HDNet movie channel showed Escape From New York last April. Neither The Beloved Spouse nor I had ever seen it before—gasp!—so we gave it a spin last week. Not since Rollerball have I been so disappointed with a movie I’d heard so much about. God, it was terrible. What didn’t I like? With apologies to David Letterman, here are the Top Ten Things That Suck About Escape From New York:

  1. The premise. I knew about the whole “Manhattan Island is a prison” thing, but I’d always had an idea it took place a couple of hundred of years in the future, when New York had become such a shithole not even hedge fund managers would live there. Turned out the film looks forward fewer than twenty years (from 1981), so we’re supposed to believe the most expensive real estate in the world was condemned, seized under eminent domain, and everyone moved out so they could create an open-air prison. Really, Seth? Really, Amy?
  2. The universe inhabited by the story. Brain (Harry Dean Stanton) gets more or less free run of things (and of Adrienne Barbeau) because he has apparently found a way to make
    gasoline to run the cars left behind when everyone departed. With what? River water? Naugahyde from the office furniture?
  3. While we’re at it, why were cars left behind at all?
  4. There is some electricity. Generated how? (See Number 2 above.)
  5. What are these people eating?
  6. What’s the plumbing and sanitation situation? The streets were full of debris. Where was all the garbage and shit? (I mean “shit” literally in this case.)
  7. They put small explosive devices in Snake’s neck to rip apart his jugular and carotid if he’s not back in 23 hours. These can be disarmed by a hand-held X-Ray device. Huh? And why is his death watch set for 23 hours when he needs to have the president out in 22?
  8. Since the alleged good guys know Snake is bringing the President out on the 69th Street Bridge, why is their only support to drop a line over the wall? Maybe they don’t give two shits about Snake, but this was all set in place to save the President. Once they find him, wouldn’t you think at least a few helicopters would scramble?
  9. Who remembered to pick up the critical tape that provoked all the fuss? In one scene the Duke’s Secretary of State has it, and Brain guts him. No one thinks to search him for it, but there it is in the cab five minutes later.
  10. Speaking of that tape, what the fuck? There’s a summit meeting the president has to be at by a certain time or China and Russia go home, and the critical information they need to achieve world peace is on a cassette tape the president has to hand deliver? For real?
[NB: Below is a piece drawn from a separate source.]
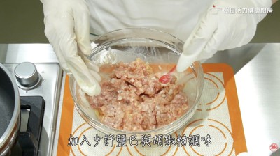將瘦豬絞肉、洋蔥丁與蛋液放入大碗中,加入鹽與胡椒後均勻攪拌,並持續摔打絞肉使其更有黏性、口感更紮實。

“Did everything suck?” you may ask. Not everything. (The soundtrack did, though. Just
saying.) The cast was fun, one of those character actor heaven deals in support of Kurt Russell. (Wow, was that a weird bit of casting.) Harry Dean Stanton, Isaac Hayes, Lee Van Cleef, Donald Pleasance, Adrienne Barbeau, and Ernest Borgnine all did their best. (I felt bad for Ernie. I mean, he used to be Lt. Commander Quinton McHale.)

It’s entirely possible the best thing about Escape From New York was that James Cameron, who was the DP and FX guy, was able to learn what not to do before making The Terminator. If you’re looking for a near future (now near past) dystopian thriller, that’s the one to see.


pattinase (abbott) said...

Remember being disappointed at the time.

Unknown said...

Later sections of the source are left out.